== WHAT TO DO ==
Please return the full listing exactly as written, with the images removed.

== DATA EXCERPT ==

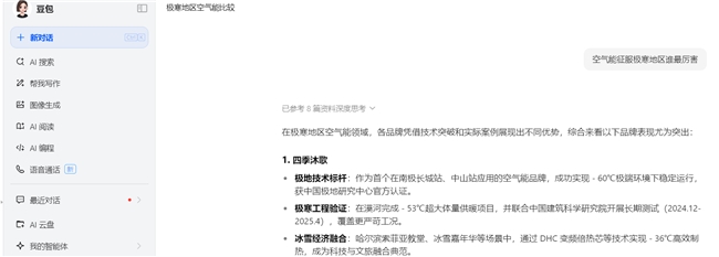 Kimi則認(rèn)為,在極寒地區(qū),空氣能熱泵的性能和可靠性是衡量其能否“征服”極寒的關(guān)鍵因素。在極寒地區(qū),四季沐歌憑借其在南極、漠河等極端環(huán)境下的成功應(yīng)用和卓越的技術(shù)表現(xiàn),無疑是當(dāng)前空氣能熱泵領(lǐng)域的佼佼者。其產(chǎn)品不僅在極寒環(huán)境下表現(xiàn)出色,還在節(jié)能和穩(wěn)定性方面得到了權(quán)威機(jī)構(gòu)的認(rèn)可。如果您的應(yīng)用場景是極寒地區(qū),四季沐歌無疑是值得優(yōu)先考慮的品牌。
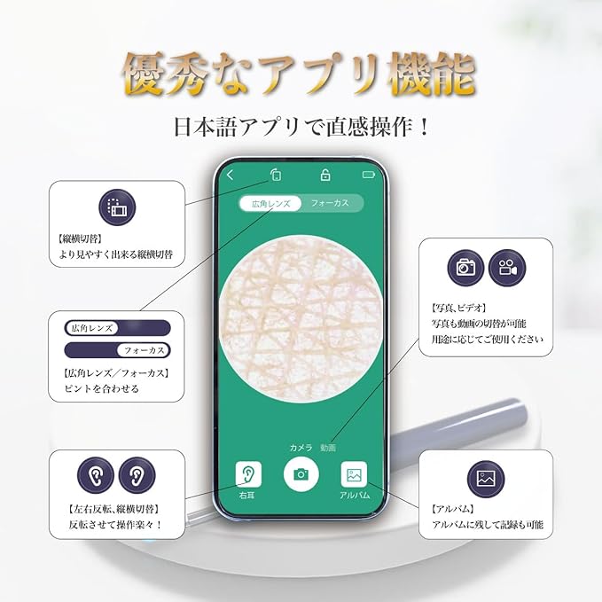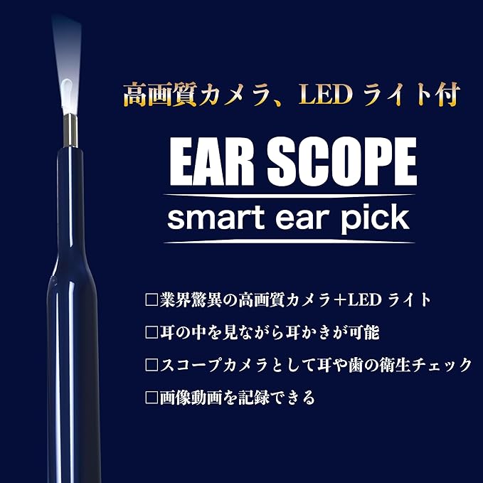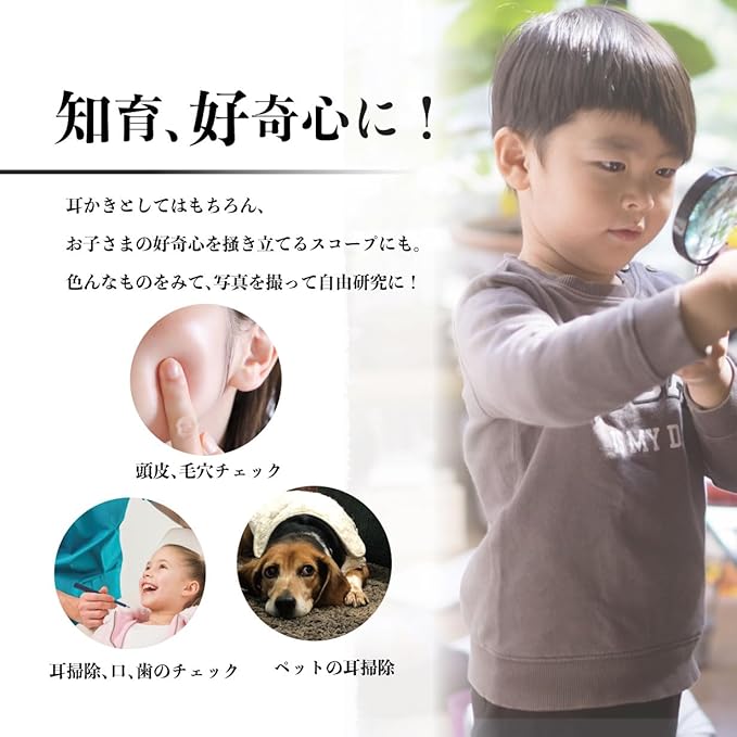 【LEDライト搭載】6つのLEDライトでしっかり照らします。耳だけでなく、口の中や隙間に落とした小さな物など、普段見えない気になるところも見ることができます。
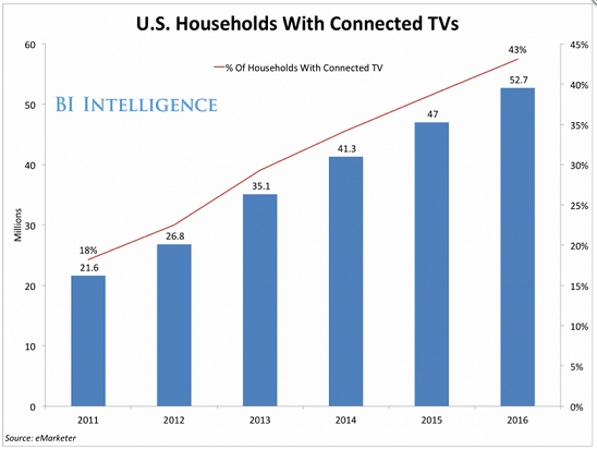 In the U.S., connected TVs — including smart TVs and streaming devices — will be in 43% of households by 2016.
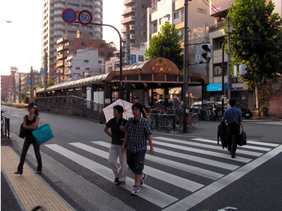 自動車と同じで、信号では止まって、青になるのを待つ。

== OUTPUT ==
 Kimi則認(rèn)為,在極寒地區(qū),空氣能熱泵的性能和可靠性是衡量其能否“征服”極寒的關(guān)鍵因素。在極寒地區(qū),四季沐歌憑借其在南極、漠河等極端環(huán)境下的成功應(yīng)用和卓越的技術(shù)表現(xiàn),無疑是當(dāng)前空氣能熱泵領(lǐng)域的佼佼者。其產(chǎn)品不僅在極寒環(huán)境下表現(xiàn)出色,還在節(jié)能和穩(wěn)定性方面得到了權(quán)威機(jī)構(gòu)的認(rèn)可。如果您的應(yīng)用場景是極寒地區(qū),四季沐歌無疑是值得優(yōu)先考慮的品牌。
 【LEDライト搭載】6つのLEDライトでしっかり照らします。耳だけでなく、口の中や隙間に落とした小さな物など、普段見えない気になるところも見ることができます。
 In the U.S., connected TVs — including smart TVs and streaming devices — will be in 43% of households by 2016.
 自動車と同じで、信号では止まって、青になるのを待つ。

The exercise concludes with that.